Attached you can see an end-view of the X-drive stepper motor, it's drive gear, the belt it drives, it's limit switch for homing the bed, and the bars on one side that moves it up & down in Z-asix.

This might not fit what you need, as the table is fixed in X-axis, moves in and out in Y-axis, and the plastic extruder is moved back and forth in X-axis and up and down in Z axis. You probably need the microscope head fixed in position and the table moved in X and Y.

But it does show that very small, repeatable movements can be commanded as 3D printers do it all time using '1284P and '2560 processors to control the motor movements, read the limit switches, and pull data from SD card, or receive via USB, to move things around pretty precisely.

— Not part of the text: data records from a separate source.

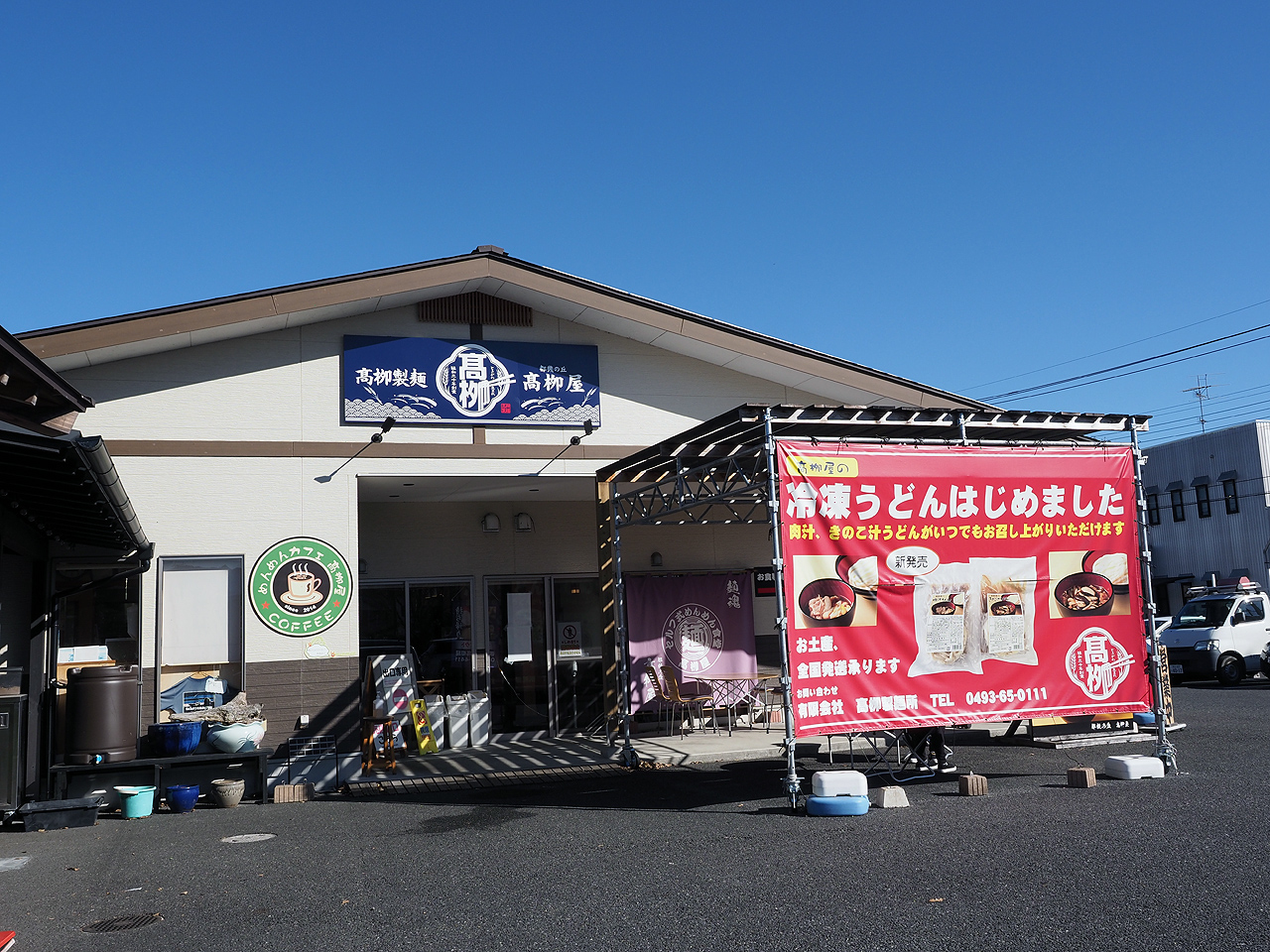 温泉が目的だけど今回の目玉はその同じ町内にある結構有名なうどん屋さんで昼食を取ろうかと。ちょうど通る道筋にあったんだけどいつも混んでるし敬遠していたのだけど温泉で喰うのも飽きたのでいっちょ行ってみるかと言うことで行ってみました。高柳屋です。
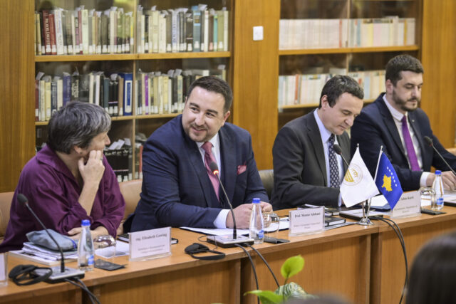 Kryeministri Kurti fillimisht zhvilloi një takim me Rektorin e Universitetit “Ukshin Hoti”, Mentor Alishani, ku edhe u njoftua për punën dhe të arriturat e këtij Universiteti, teksa u shpreh se është i lumtur që ndodhet në qytetin e lashtë të Prizrenit nga i cili kanë dalur shumë intelektualë e artistë. Aty ai veçoi edhe të ndjerin Kujtim Paçaku si një nga studentët e dalluar.
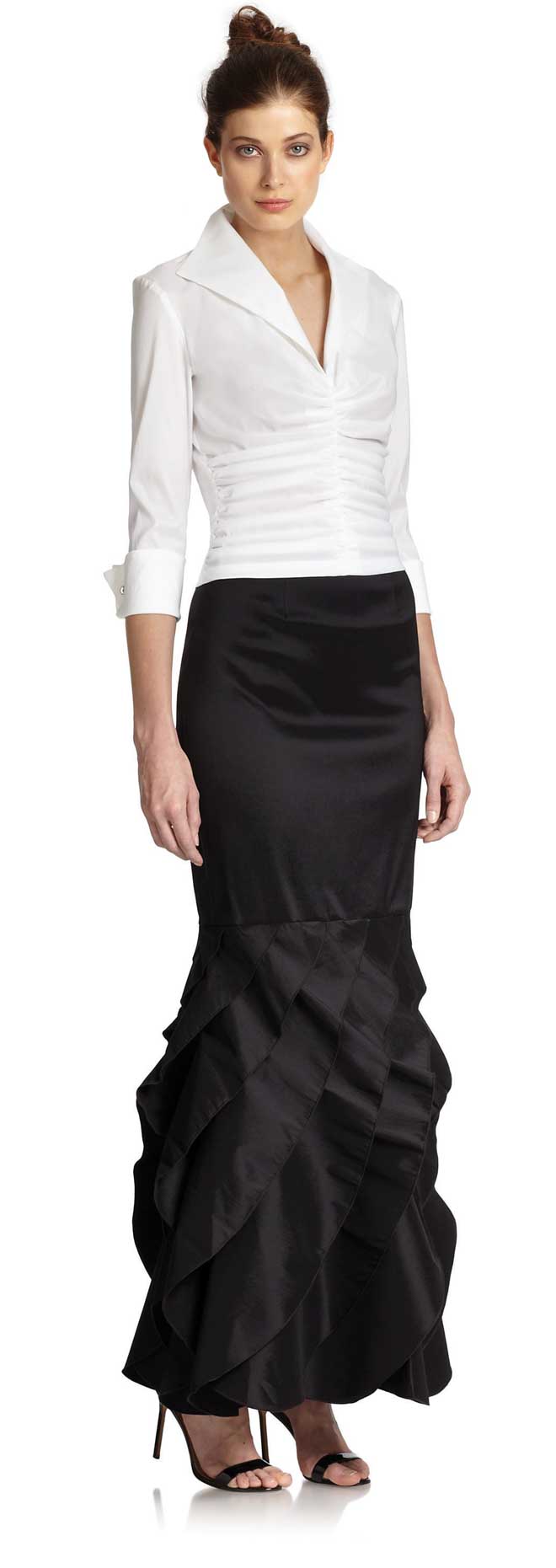 A: I would opt for a maxi or ankle length in cashmere, leather or faux fur. The newest look is wrapped (like a bathrobe), or consider an A-line silhouette like the one pictured here, whichis universally flattering. Don’t skimp on outerwear, as this is a good investment piece you’ll enjoy for many years.
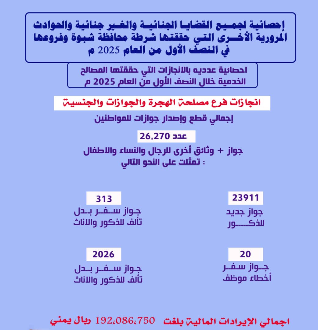 – مصلحة الهجرة والجوازات والجنسية: إصدار 26,270 جواز سفر ووثائق أخرى، وإيرادات بلغت 192,086,750 ريال يمني.
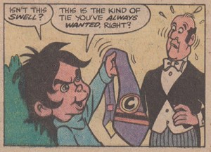 Cadbury trades his bow tie for a broad gaudy tie emblazoned with a “C” and reminiscent of the wide kipper ties popular in the 1960s and into the 70s. Richie is convinced to give up the tuxedo jacket he is always wearing for a yellow novelty t-shirt emblazoned with big lips and “Kiss Me.” As the two characters realize they may have been hypnotized, Trader Tim disappears into thin air and the comic narrative moves into a dream-space more explicitly.
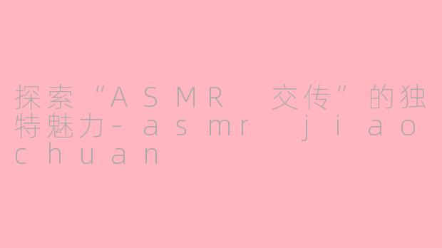 随着ASMR(自发性知觉经络反应)在全球范围内的流行,越来越多的人开始体验这一新兴的放松方式。在其中,“ASMR 交传”作为一种新兴的表达形式,逐渐引起了关注。交传,即交替传译,通常用于语言翻译中,而将其与ASMR相结合,形成了一种特殊的感官体验。
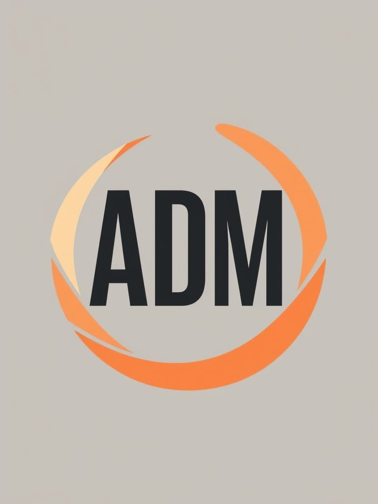 This image shows a graphic designer's logo featuring gestural, organic shapes and the letters 'ADM' in Titillium Web font. The design incorporates soft geometric elements in a muted color palette.

This motorized drawing might be what you need. Remove the pen, program it to move your slide around.
The control board looks like a CH340 & '328P with a couple of motor driver boards.

https://usa.banggood.com/EleksMaker-EleksDraw-XY-Plotter-Pen-Drawing-Writing-Robot-Drawing-Machine-p-1125222.html?gmcCountry=US&currency=USD&createTmp=1&utm_source=googleshopping&utm_medium=cpc_bgcs&utm_content=garman&utm_campaign=pla-usg-brand-eleksmaker-pc&ad_id=350580579796&gclid=EAIaIQobChMIob2_4Lbn4gIVgo3ICh1btgHJEAQYHCABEgLtOfD_BwE&cur_warehouse=CN

More info on the board:
http://wiki.eleksmaker.com/doku.php?id=eleksmana_se#eleksmana_se

saahilm:
Would I just count how many steps it takes for the stepper motor to go to the D column and then how many it takes to go down to the 6th row and then save those values? Not quite sure how to do this tactfully.

Something like that, indeed.

I'd use an x, y coordinate system. Two arrays: one with the 6 x values, the other with the 4 y values (both expressed in number of steps).
Then have two variables where you keep track of where your stepper is exactly, in terms of either x and y values or the array index.
Homing would be manual in this case - the first coordinate in your array would be (0, 0). Then you manually move the table to that position, so the first opening is nicely centred, and you make sure the plate itself is placed square.
Then with e.g. a button press you tell your Arduino that it's now at it's home position and ready to start moving to the next position.